Data for review >>
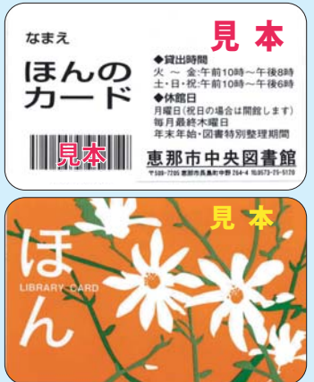
▲ほんのカード(表④裏⑤)

図書館利用カード「ほんのカード」を発行します。利用申込書に必要事項を記入の上、サービスカウンターへお申し込みください。 ※本人確認できるもの(学生証・運転免許証など)をお持ちください
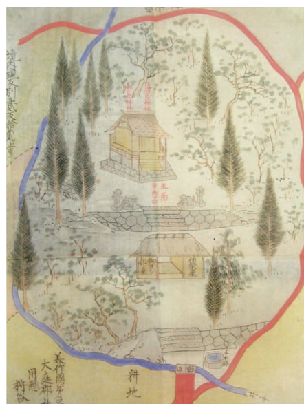
大社(佐波良・形部神社)

8社の参考史料(大社(1:佐波良・2:形部神社)、3:横見神社、二宮(4:長田、5:兎上、6:沓栗・7:大笹、8:久刀神社)) (引用元:「美作国布施社領の研究」より)
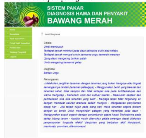
Gambar 7. Halaman Hasil Konsultasi User

Tampilan halaman hasil konsultasi user menampilkan hasil jawaban user dari gejala yang dialami user tentang hama dan penyakit bawang merah. Halaman hasil konsultasi user dapat dicetak dengan mengklik menu cetak hasil konsultasi seperti pada gambar 7.
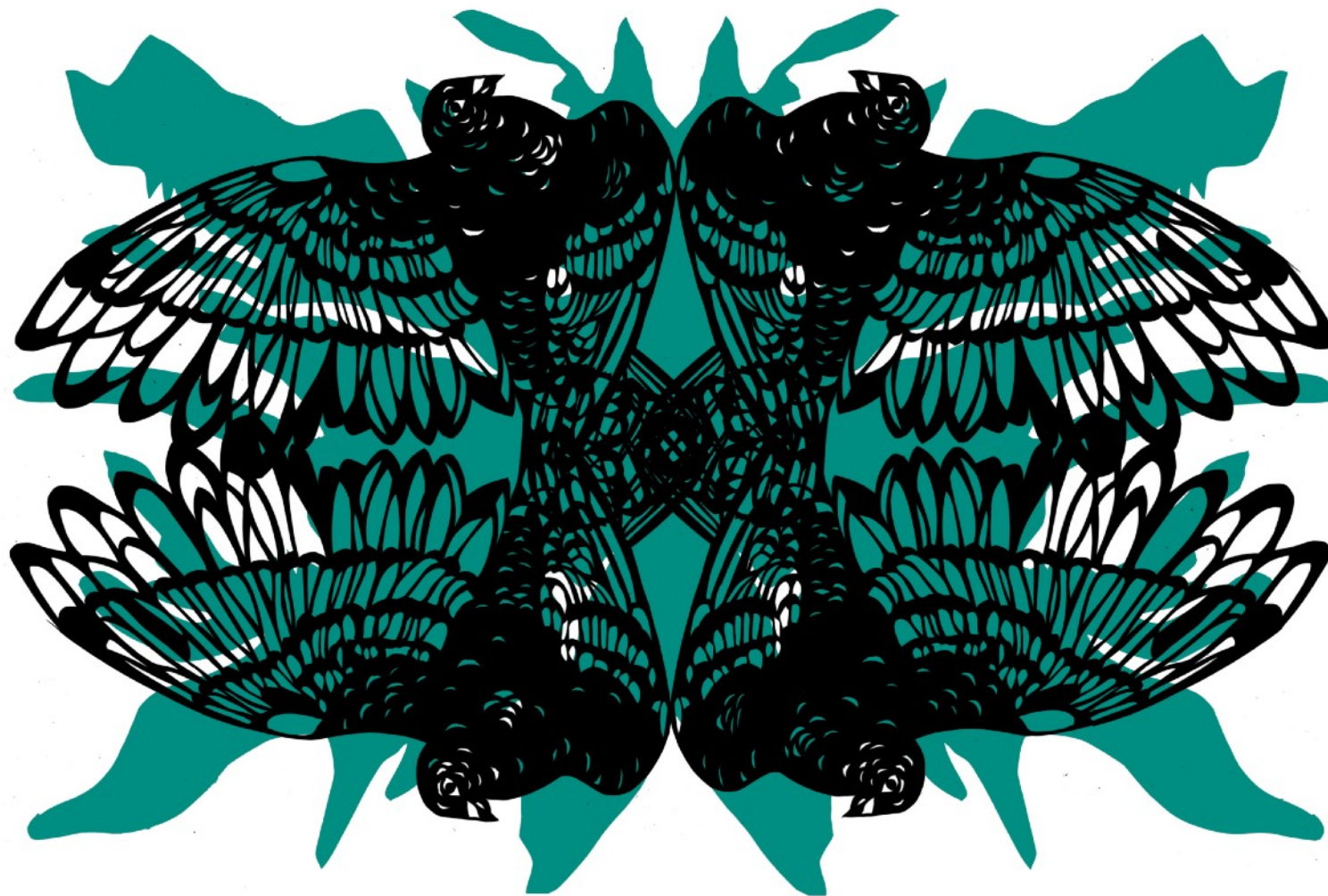
« Colombophilie », sérigraphie, deux couleurs, 70x50cm Projet à l'initiative de la Fondation Desperados, soutenu et imprimé par Juste Ici, 2021.
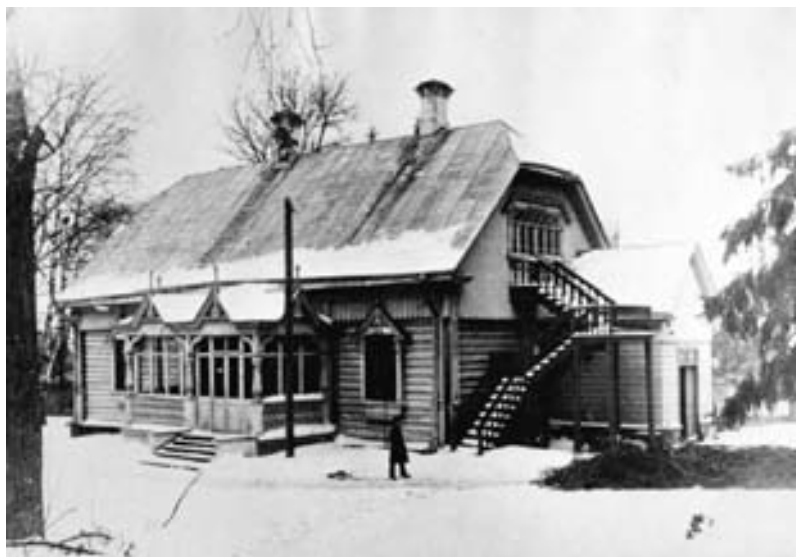
Дом П.А. Кропоткина в Дмитрове. Февраль 1921 г.
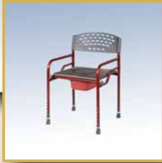
GS22 / DERİ DÖŞEME KLOZET 25 LİK
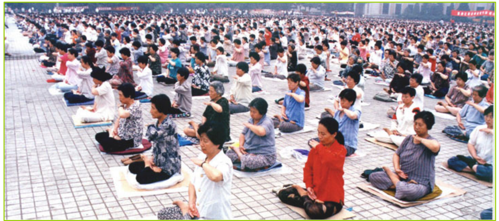
1998年5月，沈阳万名法轮功学员集体炼功

我们按着医生的治疗程序进行：第一化疗，第二手术，第三再化疗，第四放疗，第五、第六……没完没了，不知要把人折磨成什么样，能否熬得过来还是个未知数呢。但是我也管不了那么多了，就是砸锅卖铁也要给她治，她是我们全家的主心骨，可以说没有她我将无法独活，所以我们坚持做下去。但是在做到第三个疗程时，妻子简直是奄奄一息。
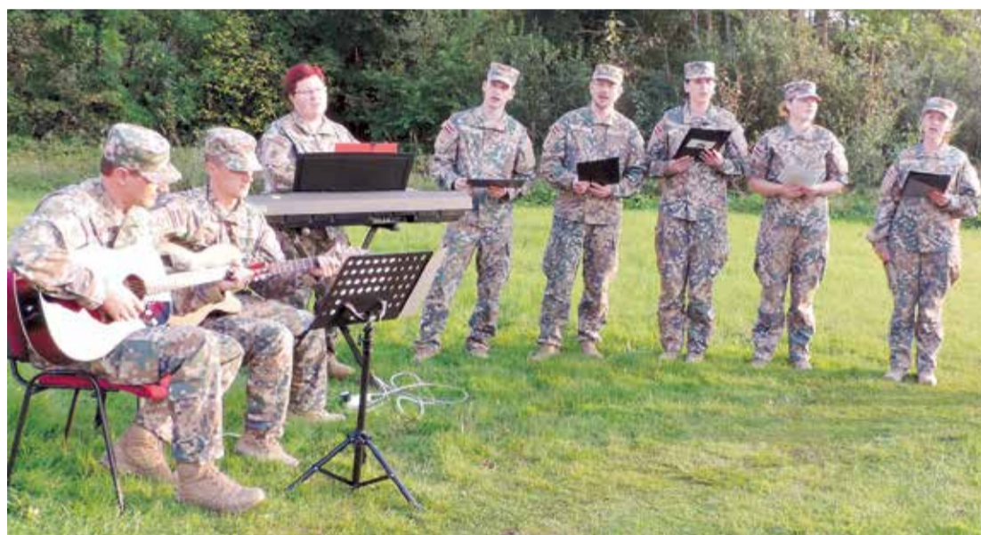
Lēdmanē Baltu vienības dienu atzīmēja kopā ar Lielvārdes garnizona ansambli.

Muzeja pagalmā gaiši dega uguns, krāsaini gaismekļi un lāpas, visus vienoja folkloras kopas „Jostas” uzsāktās dziesmas un LU folkloras deju kopas “Dandari”
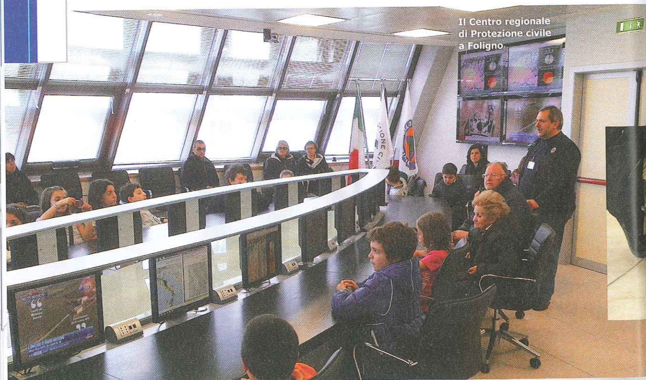
Il Centro regionale di Protezione civile a Foligno.
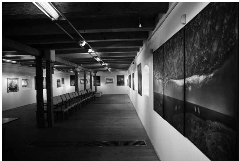
LUDVIG ZOLTÁN: Kiállítási enteriőr I.

Festményeit szemlélve, hol a tenger mélyén készült bűvárképekre, hol az emberi szervezetbe hatoló szenzor felvételeire, olykor növényi vegetációk részleteire asszociálhatunk. Természetesen minden szemlélőben más és más hatást, emlékképet válthatnak ki munkái. Ugyanakkor általános érvényű lehet az a megállapítás, hogy részletgazdag
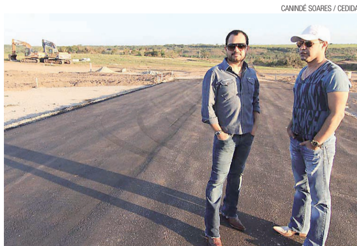
► Zezé di Camargo e Luciano vieram a Natal apresentar empreendimento

Activity >> Reproduce verbatim the lines of the material above, beginning with its first line and ending with the line that contains "Tampilan halaman hasil"; skip pictures.

Solution below >>
▲ほんのカード(表④裏⑤)

図書館利用カード「ほんのカード」を発行します。利用申込書に必要事項を記入の上、サービスカウンターへお申し込みください。 ※本人確認できるもの(学生証・運転免許証など)をお持ちください
大社(佐波良・形部神社)

8社の参考史料(大社(1:佐波良・2:形部神社)、3:横見神社、二宮(4:長田、5:兎上、6:沓栗・7:大笹、8:久刀神社)) (引用元:「美作国布施社領の研究」より)
Gambar 7. Halaman Hasil Konsultasi User

Tampilan halaman hasil konsultasi user menampilkan hasil jawaban user dari gejala yang dialami user tentang hama dan penyakit bawang merah. Halaman hasil konsultasi user dapat dicetak dengan mengklik menu cetak hasil konsultasi seperti pada gambar 7.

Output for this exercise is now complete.